Files And Attachments

Preferred flow:

  1. Upload a small file with gobii_upload_agent_file, or create/upload the file in the Gobii agent filespace through the product.
  2. Send a message with gobii_send_agent_message.
  3. Pass filespace paths in attachment_file_paths, for example ["/uploads/brief.pdf"].

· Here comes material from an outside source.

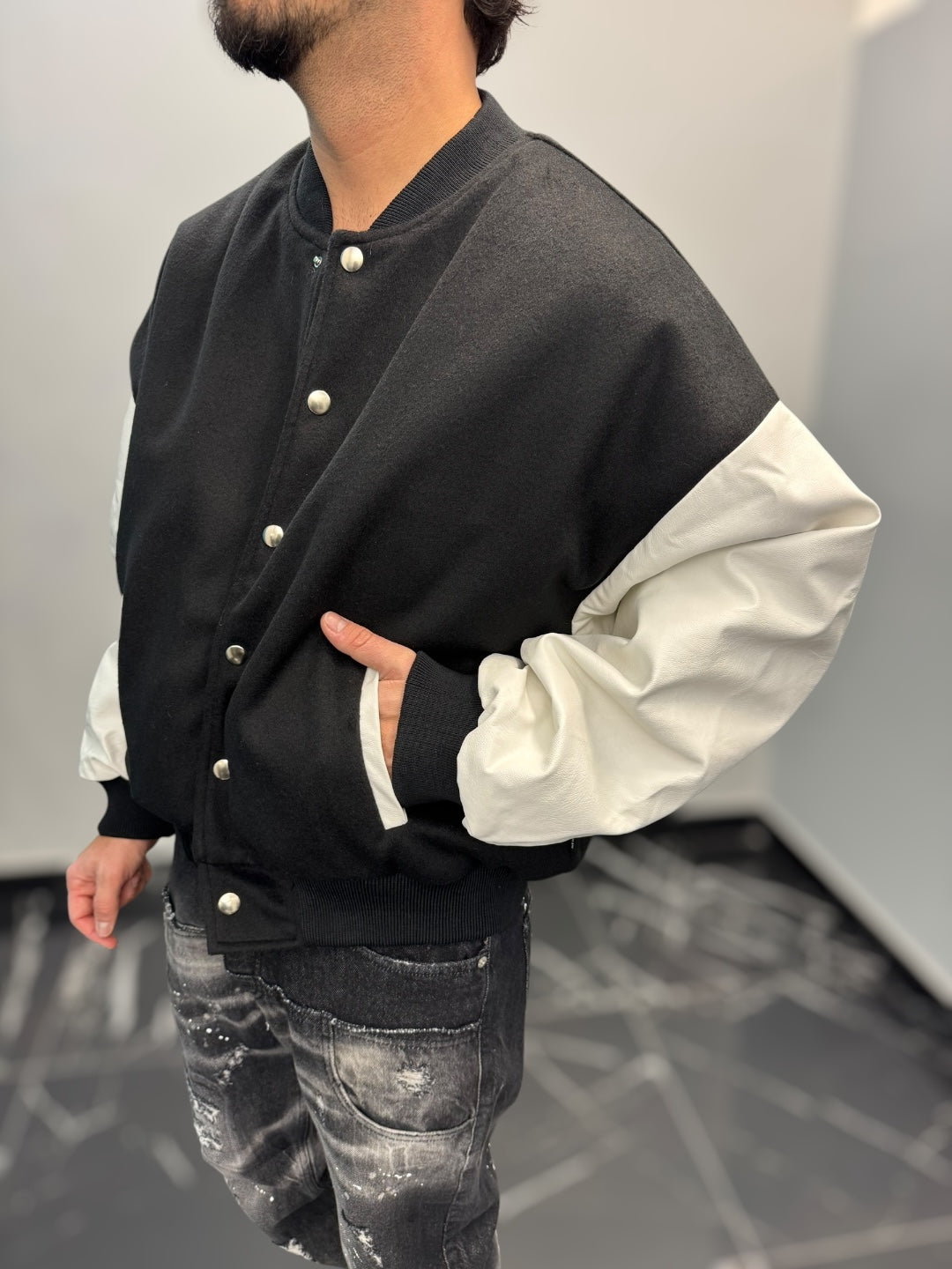 La combinazione del nero profondo con le maniche in ecopelle bianca crea un contrasto di grande impatto, aggiungendo un tocco urban-chic al tuo look. Le maniche strutturate donano carattere e raffinatezza, mentre il taglio corto lo rende ideale da abbinare a jeans o pantaloni per un effetto contemporaneo.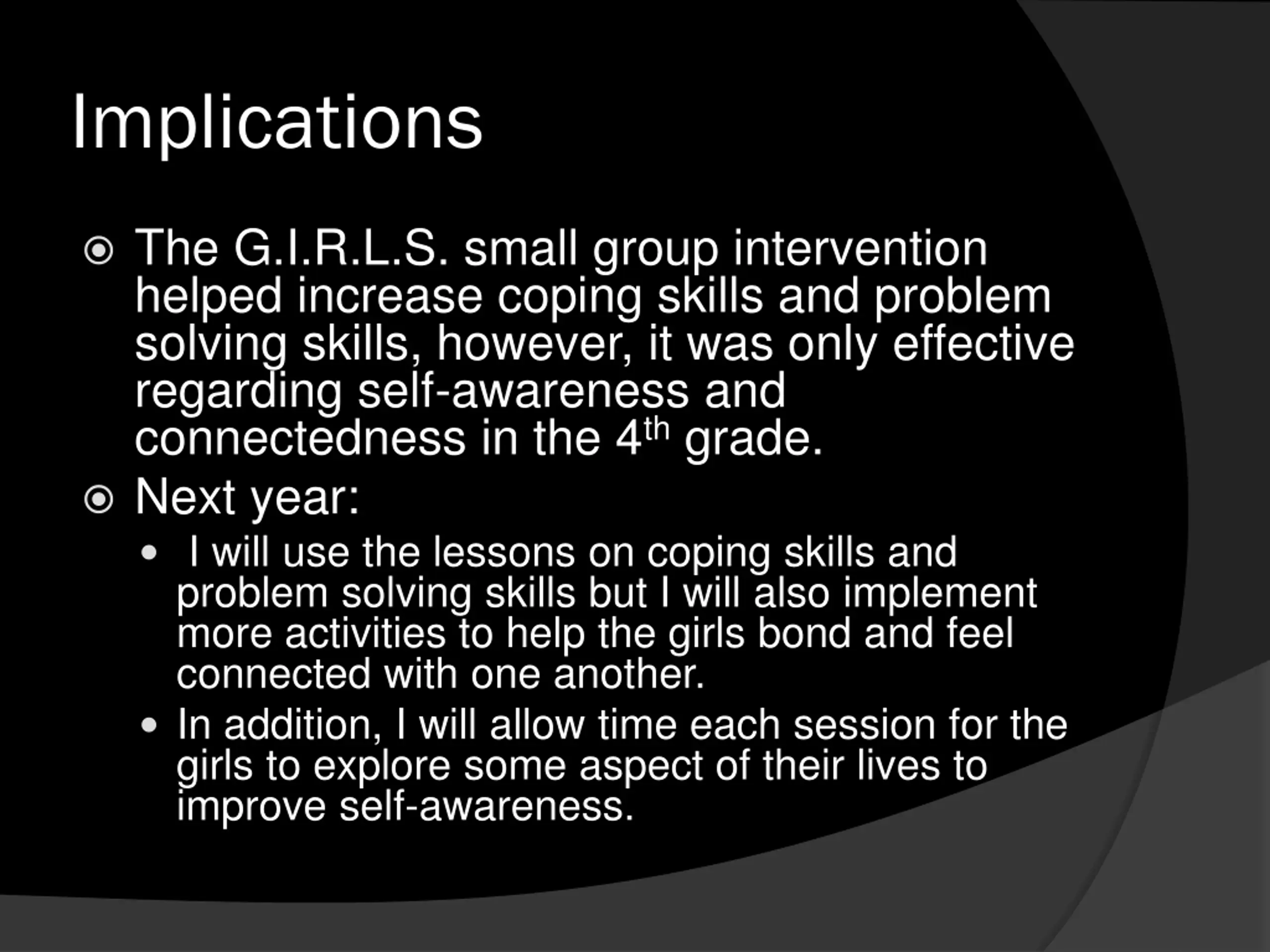 Implications The G.I.R.L.S. small group intervention helped increase coping skills and problem solving skills, however, it was only effective regarding self-awareness and connectedness in the 4th grade. Next year: I will use the lessons on coping skills and problem solving skills but I will also implement more activities to help the girls bond and feel connected with one another. In addition, I will allow time each session for the girls to explore some aspect of their lives to improve self-awareness.

This keeps message calls small and uses Gobii's existing filespace and attachment models. Arbitrary URL fetching is intentionally not exposed through the MCP server v1. Very large files should be added to the agent filespace outside MCP, then referenced by path.

Hermes Example

For Hermes, configure Gobii as a Streamable HTTP MCP server in the profile's config.yaml. Store the API key in the profile environment and reference it by variable name; do not paste keys into shared config or docs.

mcp_servers:
  gobii-local:
    url: "http://localhost:8000/api/v1/mcp/"
    headers:
      Authorization: "Bearer ${GOBII_API_KEY}"
    timeout: 60
    connect_timeout: 10
    tools:
      include:
        - gobii_list_agents
        - gobii_get_agent
        - gobii_create_agent
        - gobii_update_agent
        - gobii_archive_agent
        - gobii_get_agent_config_options
        - gobii_list_agent_links
        - gobii_link_agents
        - gobii_unlink_agents
        - gobii_send_agent_message
        - gobii_get_agent_timeline
        - gobii_get_agent_debug_trace
        - gobii_wait_for_agent_event
        - gobii_list_agent_files
        - gobii_upload_agent_file

For production, use https://gobii.ai/api/v1/mcp/. For preview deployments, create or request a fresh API key for the current preview database snapshot before testing; keys from older preview deployments may not exist in the new ephemeral database.

Smoke Test Flow

Use this flow for local dev, preview, or production smoke testing. Archive temporary agents at the end when safe.

  1. gobii_list_agents
  2. gobii_get_agent_config_options
  3. gobii_create_agent twice without schedule
  4. gobii_update_agent on one agent with a supported preferred_llm_tier and daily_credit_limit
  5. gobii_link_agents
  6. gobii_send_agent_message
  7. gobii_get_agent_timeline and capture latest_cursor
  8. gobii_get_agent_debug_trace; verify returned sections are bounded and sanitized
  9. gobii_wait_for_agent_event with a cursor and a short timeout; verify both match and timeout behavior as appropriate
  10. gobii_upload_agent_file
  11. gobii_list_agent_files
  12. gobii_unlink_agents
  13. gobii_archive_agent for temporary agents

Limitations

  • The endpoint is stateless and does not issue Mcp-Session-Id values.
  • Standalone GET SSE streams are not exposed in v1.
  • V1 does not implement MCP task augmentation, progress streams, or a fake Gobii task/run abstraction.
  • V2 may add resumable SSE/session support if it can map cleanly onto Gobii's durable timeline/event model.
  • Tool results include both MCP text content and structuredContent.
  • All tool calls run with the permissions of the provided Gobii API key.
  • Origin headers are validated for browser-originated requests to reduce DNS rebinding risk.
  • Debug traces are sanitized support artifacts, not full audit exports. Use staff audit tooling for raw prompt archive inspection where policy allows it.